I’m not feeling particularly wordy today, and that’s okay.  Blogging in the summer has become a lot more sporadic and not very regimented.  In fact I’m writing this from my phone!  Jon’s on the big computer for school a lot, and the kids are home with me all the time.  They never complain when I test out new dessert recipes on them, though!  This one is a spin on my S’mores Icebox Cake, and it was a big hit.  

Icebox cakes are great during the summer because there’s zero cooking involved.  They’re also perfect for entertaining because you can make it up to 2 days in advance.  The less you do at the last minute for guests, the easier it is for everyone, and the more time you have to spend with your guests.  

 

Total Time:  9 hours (30 minutes hands-on time)

Serves:  8-10

Difficulty Level: Easy

 

Ingredients

2 ½ cups cold heavy whipping cream

1 cup creamy peanut butter7

1 – 8 ounce block of softened cream cheese

½ cup sugar

1 tablespoon vanilla extract

25-30 full-sized graham crackers

10 ounces Bonne Maman raspberry jam (about ¾ jar)

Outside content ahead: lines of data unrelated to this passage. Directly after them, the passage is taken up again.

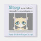 Cartoon, der eine Katze hinter Gittern mit dem Witz: Stoppt unethische Gedankenexperimente, Freie Schrödingers Katze!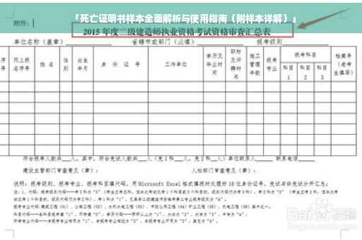 摘要:本文提供关于死亡证明书样本的全面解析及正确使用指南,包括死亡证明书的定义、作用、内容要素、填写规范等详细解析,并附具体样本供参考。帮助读者了解如何正确开具死亡证明书,以兹证明逝者身份及死亡事实,同时避免因填写不当导致的麻烦。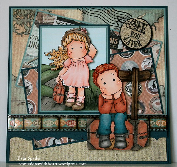 3. Oh Pam, this is so gorgeous, all so colorful and match.. love your coloring on Tilda and Edwin.. Layout using all those papers is so perfect.. Great card.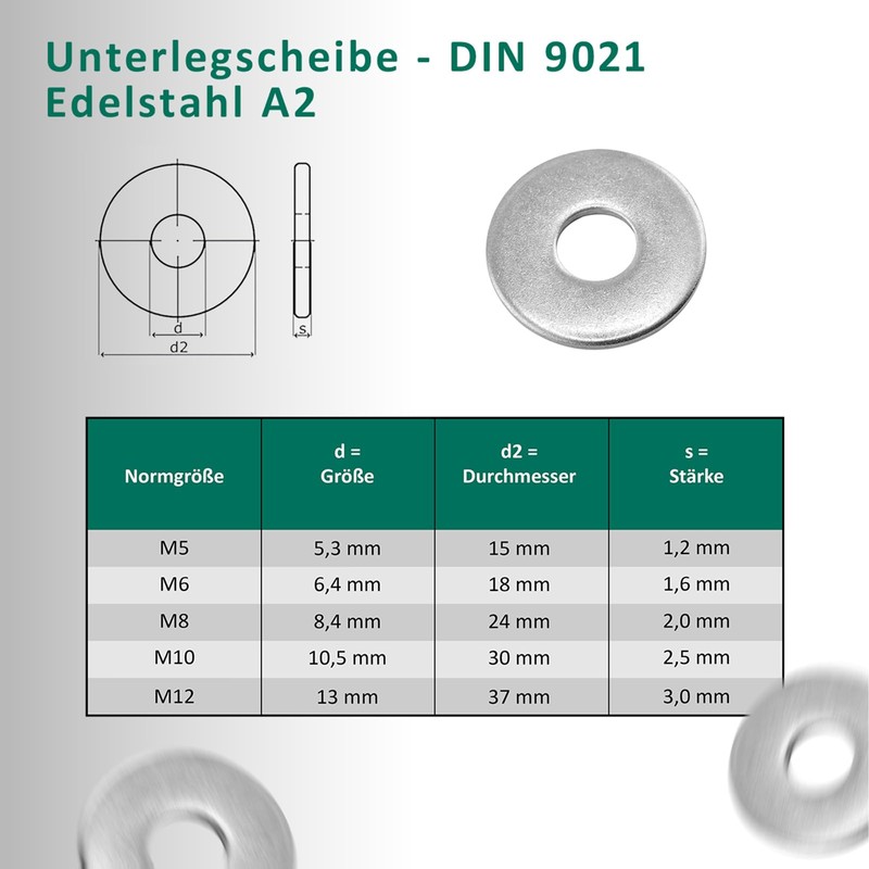 For additional protection of the material and optimised pressure distribution, washers according to DIN 9021 or DIN 125 are included. This set is ideal for wooden structures, fence and railing construction, mechanical engineering as well as numerous other mounting applications.

Fresh raspberries, for garnish (optional)

 

Directions

  1. Add the heavy cream, peanut butter, cream cheese, sugar, and vanilla to a stand mixer fitted with a whisk attachment. Start the mixer on low, and gradually work up to medium high speed as everything incorporates.  Once everything has incorporated, set aside.
  2. Secure a 9-inch spring form pan. Use graham crackers to completely cover the bottom.  Start with the full-sized crackers, and break up smaller pieces to fill the cracks.
  3. Use an offset spatula to spread a layer of the peanut butter cream mixtures over the graham crackers.
  4. For the jam layer, add the jam to a quart sized Ziploc bag. Push the jam to a corner, and use scissors to cut a small hole in the corner.  Drizzle a layer of jam over the peanut butter.
  5. Repeat the layers until you run out of peanut butter cream – it should give you about 5 layers.
  6. Smooth the peanut butter cream as the top layer. Cover the cake tightly with plastic wrap, and refrigerate 8 hours (or overnight is even better).
  7. To serve, release the cake from the spring form pan, and garnish with fresh raspberries.